→ **ASSIGNED TASK**: Omit all images, then repeat exactly the lines below from the one containing "Белоснежная, девушка, и, дракончик, девушка, с, рогами" through the one containing "Κεντρικός Τομέα Αθηνών: 179 κρούσματα", both ends included.

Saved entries
● ● ●
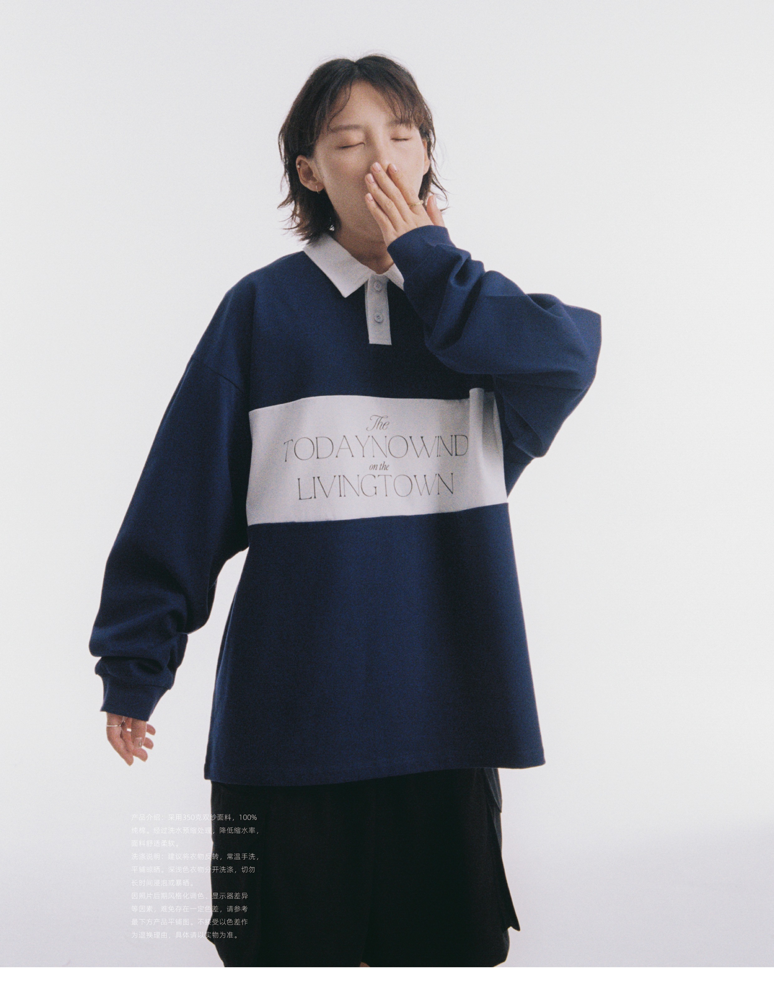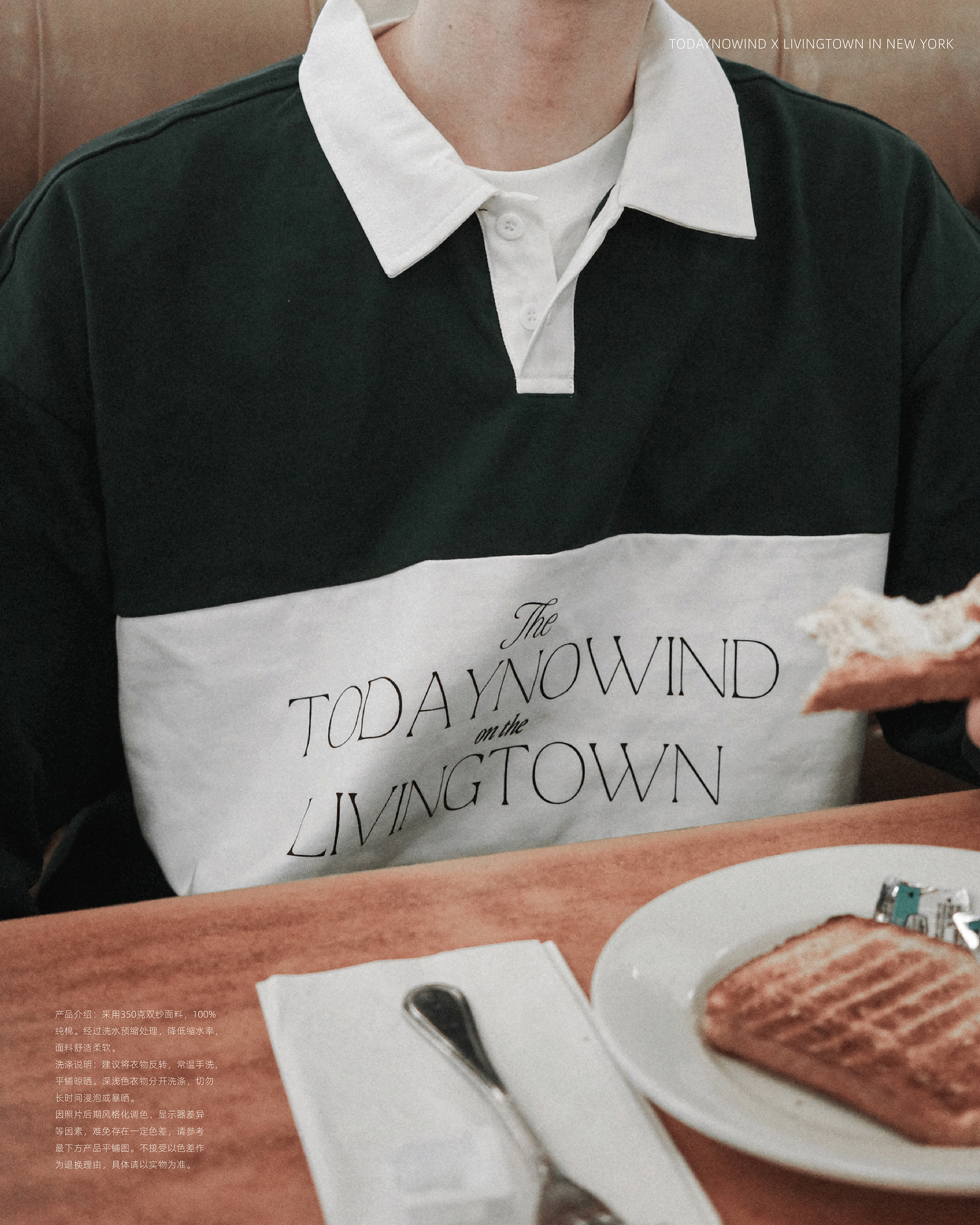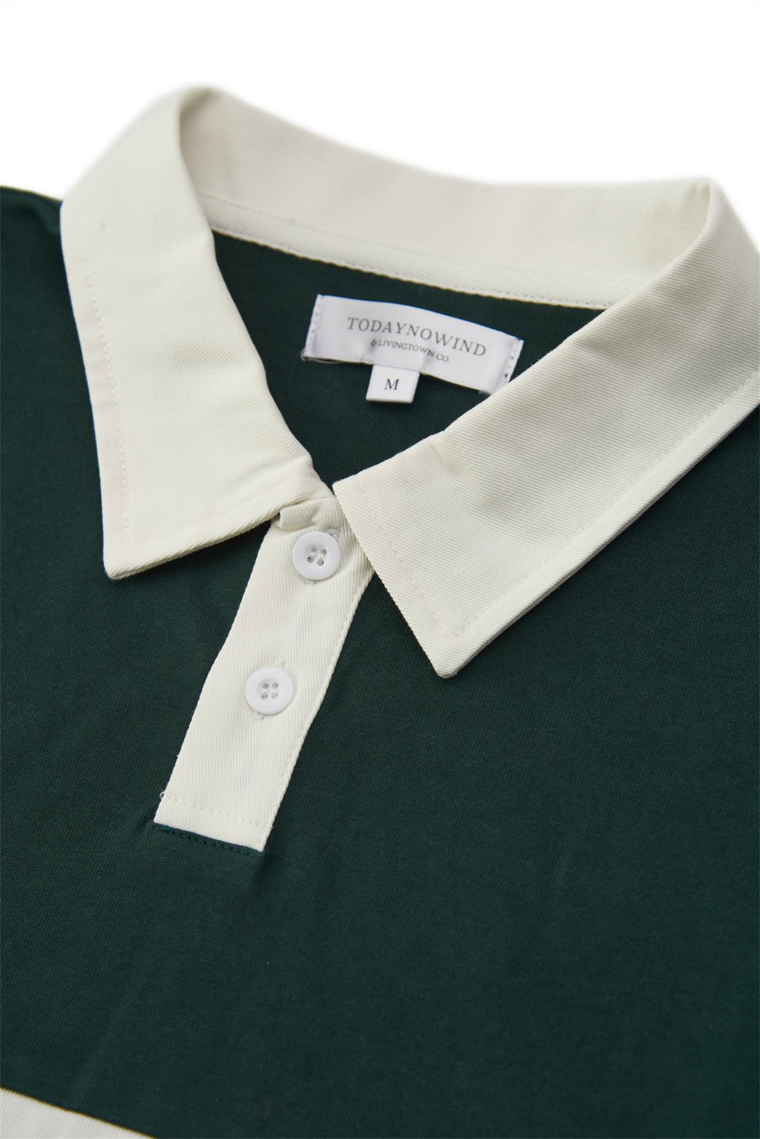 LIVINGTOWN Contrasting Color Splicing Loose Long-sleeved Polo Shirt
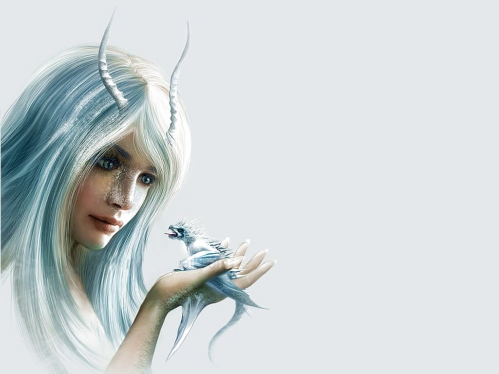 Белоснежная, девушка, и, дракончик, девушка, с, рогами
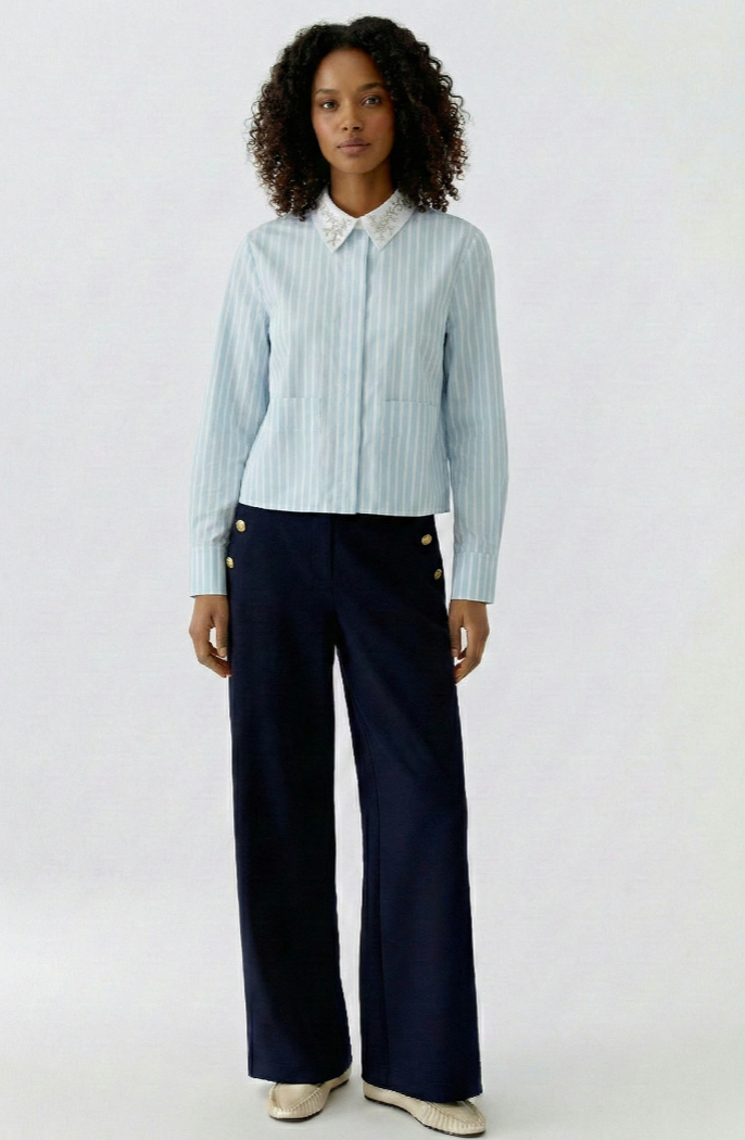 - Classic shirt blouse collar with concealed button placket
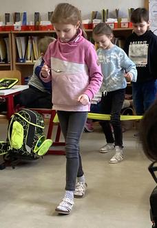 Am Ende gestaltete sie noch ein Spiel für die Löwenklasse, bei dem die Kinder vorsichtig kleine Kügelchen (Kröten) zum Teich bringen mussten.
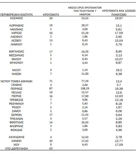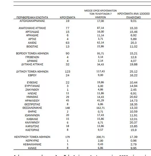 Κεντρικός Τομέα Αθηνών: 179 κρούσματα
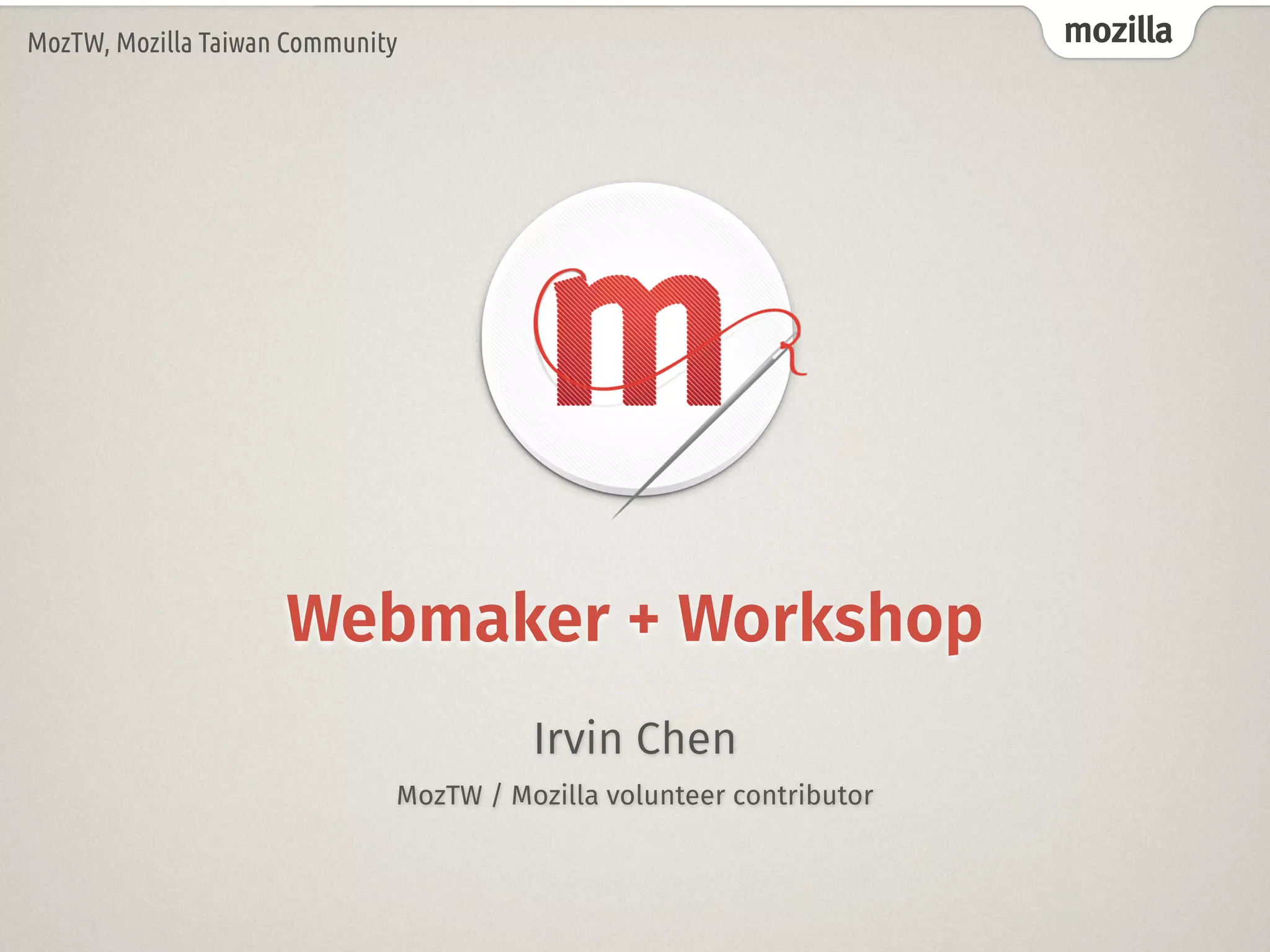This document discusses Mozilla and its Webmaker program. It introduces Irvin Chen, a Mozilla volunteer contributor who works on Webmaker and workshops. It describes how Webmaker provides tools like X-Ray Goggles, Thimble, Popcorn Maker, and Appmaker to help people learn skills like coding, designing, and sharing online. It emphasizes the importance of ideas, tools, community, digital literacy, making content, remixing existing work, earning badges, and having events like mentorship, hives, and maker parties. The overall goal is to move people from just consuming online to actively creating and participating on the web.
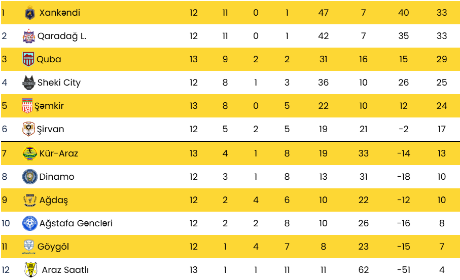 Qeyd edək ki, tur çərçivəsində ötən gün "Kür-Araz" səfərdə "Araz Saatlı"nı 4:1, "Quba" isə "Şəmkir"i 1:0 hesabı ilə yenib. "Qaradağ Lökbatan" - "Şəki Siti" qarşılaşması isə qonaqların oyuna gəlməməsi səbəbindən baş tutmayıb.
● ● ●
→ **RESPONSE BELOW**:
 Белоснежная, девушка, и, дракончик, девушка, с, рогами
 - Classic shirt blouse collar with concealed button placket
 Am Ende gestaltete sie noch ein Spiel für die Löwenklasse, bei dem die Kinder vorsichtig kleine Kügelchen (Kröten) zum Teich bringen mussten.
 Κεντρικός Τομέα Αθηνών: 179 κρούσματα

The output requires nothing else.